I’ve written a general purpose library for dealing with deep data structures like this, it’s
phst_transform and it’s in hex.pm

It builds a map of functions that apply to specific data structure types and uses protocols underneath to do a depth first span of the entire data structure as a tree. One idea I’ve been playing with for extracting single data items from a deep tree like this would be to simply have a transform
that sent the item as a message to another process. Something like this.

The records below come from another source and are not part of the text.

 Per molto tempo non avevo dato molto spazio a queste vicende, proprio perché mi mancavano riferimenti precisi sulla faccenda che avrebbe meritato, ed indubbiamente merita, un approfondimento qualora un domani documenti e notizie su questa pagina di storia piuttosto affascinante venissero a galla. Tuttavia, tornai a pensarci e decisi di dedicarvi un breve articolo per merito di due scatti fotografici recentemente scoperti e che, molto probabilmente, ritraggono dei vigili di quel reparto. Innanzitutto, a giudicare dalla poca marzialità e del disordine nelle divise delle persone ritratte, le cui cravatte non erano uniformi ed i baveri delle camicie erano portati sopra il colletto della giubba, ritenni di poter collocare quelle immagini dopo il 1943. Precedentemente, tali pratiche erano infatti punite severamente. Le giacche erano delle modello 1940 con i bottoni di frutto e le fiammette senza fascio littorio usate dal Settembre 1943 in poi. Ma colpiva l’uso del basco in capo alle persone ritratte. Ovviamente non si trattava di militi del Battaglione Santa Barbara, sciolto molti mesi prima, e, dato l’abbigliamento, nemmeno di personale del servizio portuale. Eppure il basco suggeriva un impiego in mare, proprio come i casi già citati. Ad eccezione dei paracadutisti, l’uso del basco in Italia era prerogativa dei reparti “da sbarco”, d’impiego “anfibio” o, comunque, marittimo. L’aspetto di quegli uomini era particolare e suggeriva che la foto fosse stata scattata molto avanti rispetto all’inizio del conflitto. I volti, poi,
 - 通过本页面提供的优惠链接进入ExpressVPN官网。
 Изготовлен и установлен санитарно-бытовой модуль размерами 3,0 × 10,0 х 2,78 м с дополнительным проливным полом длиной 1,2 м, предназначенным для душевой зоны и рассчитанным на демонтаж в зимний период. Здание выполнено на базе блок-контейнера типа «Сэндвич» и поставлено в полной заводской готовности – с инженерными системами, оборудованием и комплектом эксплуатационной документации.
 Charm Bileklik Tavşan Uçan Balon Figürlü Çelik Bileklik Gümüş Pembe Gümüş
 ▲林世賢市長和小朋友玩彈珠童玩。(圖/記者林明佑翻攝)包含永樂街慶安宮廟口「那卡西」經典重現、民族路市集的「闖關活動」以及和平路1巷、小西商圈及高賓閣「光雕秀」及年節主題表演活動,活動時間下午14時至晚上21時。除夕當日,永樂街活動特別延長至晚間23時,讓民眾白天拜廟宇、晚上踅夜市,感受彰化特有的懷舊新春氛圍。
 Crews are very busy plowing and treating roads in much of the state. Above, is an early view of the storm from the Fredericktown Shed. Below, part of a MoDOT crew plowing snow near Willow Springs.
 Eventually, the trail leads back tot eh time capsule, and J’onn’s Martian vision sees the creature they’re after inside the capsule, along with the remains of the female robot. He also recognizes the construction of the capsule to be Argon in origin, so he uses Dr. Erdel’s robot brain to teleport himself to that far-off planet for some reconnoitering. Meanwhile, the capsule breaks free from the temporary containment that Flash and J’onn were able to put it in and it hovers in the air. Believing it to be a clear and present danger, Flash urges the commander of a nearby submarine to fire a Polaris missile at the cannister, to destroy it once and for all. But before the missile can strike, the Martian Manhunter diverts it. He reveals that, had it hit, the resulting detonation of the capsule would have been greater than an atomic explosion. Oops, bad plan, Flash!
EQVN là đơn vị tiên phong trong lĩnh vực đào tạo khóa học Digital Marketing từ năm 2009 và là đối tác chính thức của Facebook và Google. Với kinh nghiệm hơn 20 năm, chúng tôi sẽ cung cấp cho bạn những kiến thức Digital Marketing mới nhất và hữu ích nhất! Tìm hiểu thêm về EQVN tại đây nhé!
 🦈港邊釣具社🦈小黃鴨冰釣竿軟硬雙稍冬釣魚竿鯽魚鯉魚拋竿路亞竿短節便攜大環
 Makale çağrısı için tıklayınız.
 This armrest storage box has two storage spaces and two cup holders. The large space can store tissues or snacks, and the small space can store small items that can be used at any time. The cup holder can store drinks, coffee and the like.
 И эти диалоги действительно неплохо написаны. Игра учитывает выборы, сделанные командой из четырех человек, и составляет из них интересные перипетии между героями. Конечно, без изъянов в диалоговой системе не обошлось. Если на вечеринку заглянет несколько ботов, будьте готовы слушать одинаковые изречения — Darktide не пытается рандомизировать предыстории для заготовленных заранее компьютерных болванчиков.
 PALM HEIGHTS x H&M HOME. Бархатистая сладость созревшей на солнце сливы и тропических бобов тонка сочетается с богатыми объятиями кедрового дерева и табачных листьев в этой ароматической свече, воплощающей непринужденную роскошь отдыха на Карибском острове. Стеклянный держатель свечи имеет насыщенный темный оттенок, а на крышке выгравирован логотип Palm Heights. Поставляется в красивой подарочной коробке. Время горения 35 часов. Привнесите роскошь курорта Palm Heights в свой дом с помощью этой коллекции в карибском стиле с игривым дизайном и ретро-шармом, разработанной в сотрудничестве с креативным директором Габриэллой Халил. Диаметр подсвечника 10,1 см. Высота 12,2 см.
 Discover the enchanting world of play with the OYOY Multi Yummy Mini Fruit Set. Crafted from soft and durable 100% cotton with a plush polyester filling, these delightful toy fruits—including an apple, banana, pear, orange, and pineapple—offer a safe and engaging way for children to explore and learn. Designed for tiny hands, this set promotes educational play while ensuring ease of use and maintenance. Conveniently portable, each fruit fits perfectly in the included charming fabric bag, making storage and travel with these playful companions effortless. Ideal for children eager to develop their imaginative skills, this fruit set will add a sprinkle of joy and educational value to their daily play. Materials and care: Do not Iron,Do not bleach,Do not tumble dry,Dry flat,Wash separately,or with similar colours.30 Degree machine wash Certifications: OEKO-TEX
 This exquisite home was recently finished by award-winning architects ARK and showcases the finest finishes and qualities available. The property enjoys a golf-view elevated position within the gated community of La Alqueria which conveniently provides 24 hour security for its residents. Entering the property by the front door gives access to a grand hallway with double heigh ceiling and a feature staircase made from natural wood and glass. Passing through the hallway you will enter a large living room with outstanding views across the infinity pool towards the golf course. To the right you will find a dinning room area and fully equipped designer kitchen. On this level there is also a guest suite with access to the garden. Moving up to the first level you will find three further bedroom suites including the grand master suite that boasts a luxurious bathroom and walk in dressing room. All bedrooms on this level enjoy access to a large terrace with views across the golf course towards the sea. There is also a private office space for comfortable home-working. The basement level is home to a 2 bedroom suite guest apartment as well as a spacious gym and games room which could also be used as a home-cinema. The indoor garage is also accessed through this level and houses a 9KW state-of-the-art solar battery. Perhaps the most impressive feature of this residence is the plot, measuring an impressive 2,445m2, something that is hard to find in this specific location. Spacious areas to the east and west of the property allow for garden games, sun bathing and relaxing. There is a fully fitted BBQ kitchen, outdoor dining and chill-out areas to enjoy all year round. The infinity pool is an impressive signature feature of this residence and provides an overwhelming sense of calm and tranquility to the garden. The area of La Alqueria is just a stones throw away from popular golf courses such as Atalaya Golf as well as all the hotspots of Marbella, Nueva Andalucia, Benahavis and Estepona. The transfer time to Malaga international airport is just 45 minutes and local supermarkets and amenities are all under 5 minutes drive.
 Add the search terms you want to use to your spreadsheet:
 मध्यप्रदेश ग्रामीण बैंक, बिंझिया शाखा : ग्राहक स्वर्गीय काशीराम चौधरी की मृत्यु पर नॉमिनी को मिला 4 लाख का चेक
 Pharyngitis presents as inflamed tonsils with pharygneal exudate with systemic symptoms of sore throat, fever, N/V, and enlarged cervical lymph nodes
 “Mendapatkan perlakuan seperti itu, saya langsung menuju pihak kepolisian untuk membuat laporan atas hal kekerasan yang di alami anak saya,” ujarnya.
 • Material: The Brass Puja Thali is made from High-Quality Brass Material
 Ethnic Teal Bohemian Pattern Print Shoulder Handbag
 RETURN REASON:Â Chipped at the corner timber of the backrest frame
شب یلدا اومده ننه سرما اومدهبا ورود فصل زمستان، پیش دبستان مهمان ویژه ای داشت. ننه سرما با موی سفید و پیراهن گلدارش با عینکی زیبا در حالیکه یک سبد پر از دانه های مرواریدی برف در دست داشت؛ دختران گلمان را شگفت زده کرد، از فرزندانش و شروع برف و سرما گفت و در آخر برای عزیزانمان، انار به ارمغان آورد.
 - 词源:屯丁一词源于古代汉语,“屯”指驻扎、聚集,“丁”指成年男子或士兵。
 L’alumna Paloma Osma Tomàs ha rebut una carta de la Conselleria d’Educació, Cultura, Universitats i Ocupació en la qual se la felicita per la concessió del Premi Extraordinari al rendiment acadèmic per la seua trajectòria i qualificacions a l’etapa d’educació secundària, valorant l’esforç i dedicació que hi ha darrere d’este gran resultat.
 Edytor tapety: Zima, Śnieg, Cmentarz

potion = %{ Map => fn m → val = Map.get(m, “natIP”)
if (val , do: send pid, val )
m end }
PhStTranform.transform(data, potion )

It’s far from the most efficient way to get the value, but it does have the advantage of working with ANY data structure. I’m not sure PhStTranform is the last word in this kind of thinking, but I think there are a lot of possibilities in stepping back from the model of extract, manipulate and rebuild. If we start thinking about transforming the entire data structure or bringing the function to the data, many things that seem dauntingly complex become quite straightforward.

This kind of solution won’t work for every problem, but there is a lot you can do without actually embedding the knowledge of your entire data structure into your code. If you just know “somewhere in this blob is the Struct I care about”, you can just write the function for that struct.

4 Likes

This may not be a complete solution for you, but it sounds like it improves it at least one step of abstraction. Kernel.get_in/2 will access deeply nested maps very cleanly. The docs discuss details of how to use a function as a key, which would be necessary when you come to lists to find a matching map within it.

5 Likes

This is an interesting problem. It won’t be possible to have a completely generic solution, but let us assume that you always get a list of maps the the following code would help:

defmodule NestedMaps do

  def nested_map() do
    %{"accessConfigs" =>
      [%{"kind" => "compute#accessConfig",
         "name" => "External NAT",
         "natIP" => "146.148.23.208",
         "type" => "ONE_TO_ONE_NAT"}
      ]
     }
  end

  def nested_map2() do
    %{"accessConfigs" =>
      [
        [%{"kind" => "compute#accessConfig",
         "name" => "External NAT",
         "natIP" => ["146.148.23.208","127.0.0.1"],
         "type" => "ONE_TO_ONE_NAT"}
        ],
        [{:config1,"c"}]
      ]
     }
  end

  def get_nested_map(nm) do
    %{"accessConfigs" => nestedmaplist} = nm
    nestedmaplist
  end

  def get_nested_map_from_list(nm, nestedlevel) when nestedlevel < 1 do
    nm
  end

  def get_nested_map_from_list(nm, nestedlevel) do
    get_nested_map_from_list(List.first(nm),nestedlevel-1)
  end

  def get_nested_map_value(nm, val) do
    Map.get nm,val
  end

end

A line like

NestedMaps.nested_map
    |> NestedMaps.get_nested_map 
    |> NestedMaps.get_nested_map_from_list(1) 
    |> NestedMaps.get_nested_map_value "natIP"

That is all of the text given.